== Raw data

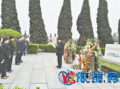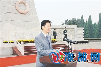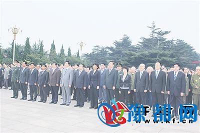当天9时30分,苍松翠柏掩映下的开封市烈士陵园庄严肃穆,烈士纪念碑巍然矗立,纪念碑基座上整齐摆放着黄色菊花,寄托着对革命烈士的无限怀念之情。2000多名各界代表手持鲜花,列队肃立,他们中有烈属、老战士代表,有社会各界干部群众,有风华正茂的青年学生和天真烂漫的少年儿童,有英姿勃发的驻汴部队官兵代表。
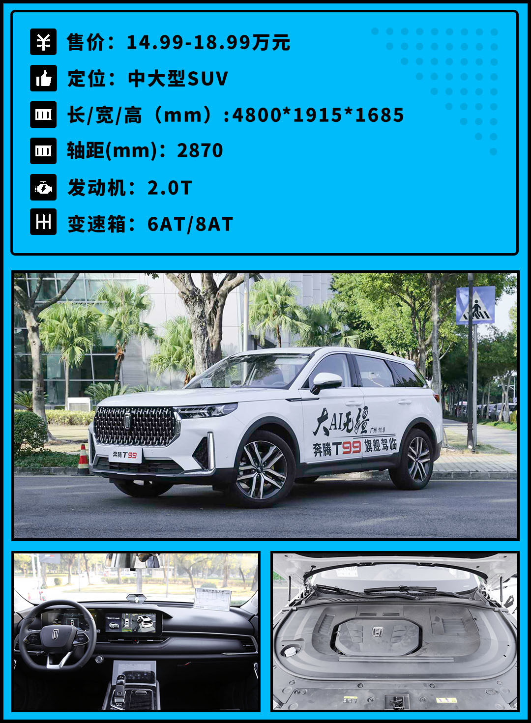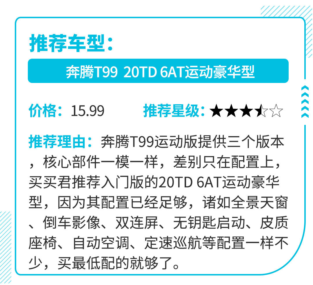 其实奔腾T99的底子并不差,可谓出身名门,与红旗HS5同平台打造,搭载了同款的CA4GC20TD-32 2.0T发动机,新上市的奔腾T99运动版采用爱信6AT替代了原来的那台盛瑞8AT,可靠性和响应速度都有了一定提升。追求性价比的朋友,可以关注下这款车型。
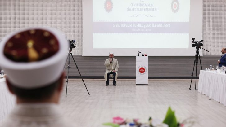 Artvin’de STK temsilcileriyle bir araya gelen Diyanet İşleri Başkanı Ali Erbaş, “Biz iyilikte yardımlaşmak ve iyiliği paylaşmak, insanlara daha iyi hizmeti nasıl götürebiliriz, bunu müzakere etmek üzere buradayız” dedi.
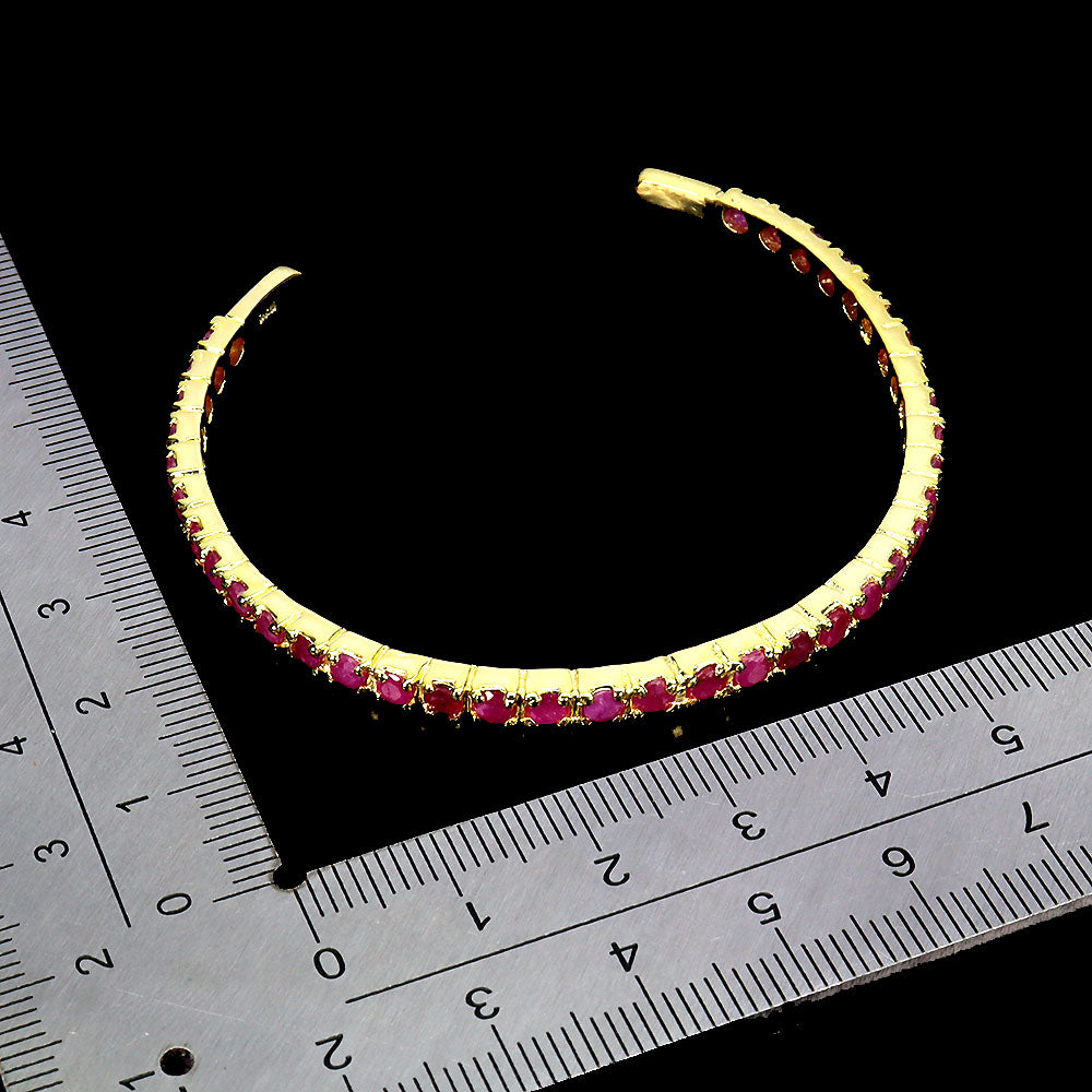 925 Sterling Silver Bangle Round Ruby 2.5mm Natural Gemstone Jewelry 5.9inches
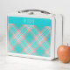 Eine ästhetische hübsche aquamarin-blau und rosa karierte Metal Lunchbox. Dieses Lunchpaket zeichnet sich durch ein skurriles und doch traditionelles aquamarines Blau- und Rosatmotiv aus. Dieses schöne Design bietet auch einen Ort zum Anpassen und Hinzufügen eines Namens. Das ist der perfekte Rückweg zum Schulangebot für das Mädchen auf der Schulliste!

====

• _Work task_
Using the data above, write out every line exactly, leaving the images behind.

• _Solution_
当天9时30分,苍松翠柏掩映下的开封市烈士陵园庄严肃穆,烈士纪念碑巍然矗立,纪念碑基座上整齐摆放着黄色菊花,寄托着对革命烈士的无限怀念之情。2000多名各界代表手持鲜花,列队肃立,他们中有烈属、老战士代表,有社会各界干部群众,有风华正茂的青年学生和天真烂漫的少年儿童,有英姿勃发的驻汴部队官兵代表。
 其实奔腾T99的底子并不差,可谓出身名门,与红旗HS5同平台打造,搭载了同款的CA4GC20TD-32 2.0T发动机,新上市的奔腾T99运动版采用爱信6AT替代了原来的那台盛瑞8AT,可靠性和响应速度都有了一定提升。追求性价比的朋友,可以关注下这款车型。
 Artvin’de STK temsilcileriyle bir araya gelen Diyanet İşleri Başkanı Ali Erbaş, “Biz iyilikte yardımlaşmak ve iyiliği paylaşmak, insanlara daha iyi hizmeti nasıl götürebiliriz, bunu müzakere etmek üzere buradayız” dedi.
 925 Sterling Silver Bangle Round Ruby 2.5mm Natural Gemstone Jewelry 5.9inches
 Eine ästhetische hübsche aquamarin-blau und rosa karierte Metal Lunchbox. Dieses Lunchpaket zeichnet sich durch ein skurriles und doch traditionelles aquamarines Blau- und Rosatmotiv aus. Dieses schöne Design bietet auch einen Ort zum Anpassen und Hinzufügen eines Namens. Das ist der perfekte Rückweg zum Schulangebot für das Mädchen auf der Schulliste!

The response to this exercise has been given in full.